9. REPRESENTATIONS AND AGREEMENTS OF EXECUTIVE.

     (a) Executive represents and warrants that he is free to enter into this
Agreement and to perform the duties required hereunder, and that there are no
employment contracts or understandings, restrictive covenants or other
restrictions, whether written or oral, preventing the performance of his duties
hereunder or requiring him to perform employment, consulting, business related
or similar duties for any other person.

     (b) Executive agrees to submit to a medical examination and to cooperate
and supply such other information and documents as may be required by any
insurance company in connection with the Company's obtaining life insurance on
the life of Executive, and any other type of insurance or fringe benefit as the
Company shall determine from time to time to obtain.

10. NON-INTERFERENCE.

     Executive agrees that for a period of one year following the termination of
Executive's employment hereunder, Executive shall not, directly or indirectly,
request or cause any collaborative partners, universities, governmental
agencies, contracting parties, suppliers or customers with whom the Company or
any of its subsidiaries has a business relationship to cancel or terminate any
such business relationship with the Company or any of its subsidiaries or
solicit, interfere with or entice from the Company any employee (or former
employee) of the Company.

11. INVENTIONS AND DISCOVERIES.

     (a) Insofar as is related to the principal business activities and products
of the Company and any of its subsidiaries or joint ventures, Executive shall
promptly 

                                        6

<PAGE>

and fully disclose to the Company, and with all necessary detail for a complete
understanding of the same, all developments, know-how, discoveries, inventions,
improvements, concepts, ideas, writings, formulae, processes and methods of a
financial or other nature (whether copyrightable, patentable or otherwise) made,
received, conceived, acquired or written during working hours, or otherwise, by
Executive (whether or not at the request or upon the suggestion of the Company)
during the period of his employment with, or rendering of advisory or consulting
services to, the Company or any of its subsidiaries, solely or jointly with
others (collectively the "Subject Matter").

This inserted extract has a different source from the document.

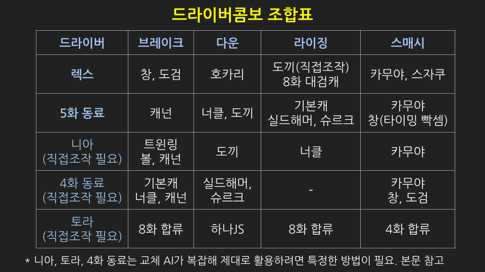 좋은 드라이버 콤보 요원의 배치는 아래 표를 참고하면 된다

     (b) Executive hereby assigns and transfers, and agrees to assign and
transfer, to the Company, all his rights, title and interest in and to the
Subject Matter, and Executive further agrees to deliver to the Company any and
all drawings, notes, specifications and data relating to the Subject Matter, and
to execute, acknowledge and deliver all such further papers, including
applications for copyrights or patents, as may be necessary to obtain copyrights
and patents for any thereof in any and all countries and to vest title thereto
to the Company. Executive shall assist the Company in obtaining such copyrights
or patents during the term of this Agreement, and any time thereafter on
reasonable notice and at mutually convenient times, and Executive agrees to
testify in any prosecution or litigation involving any of the Subject Matter;
provided, however, that Executive shall be compensated in a timely manner at the
rate of $100.00 per hour (with a minimum of $500 per day), plus out-of-pocket
expenses incurred in rendering such assistance or giving or preparing to give
such testimony if it is required after termination of his employment hereunder.

12. NON-DISCLOSURE OF CONFIDENTIAL INFORMATION.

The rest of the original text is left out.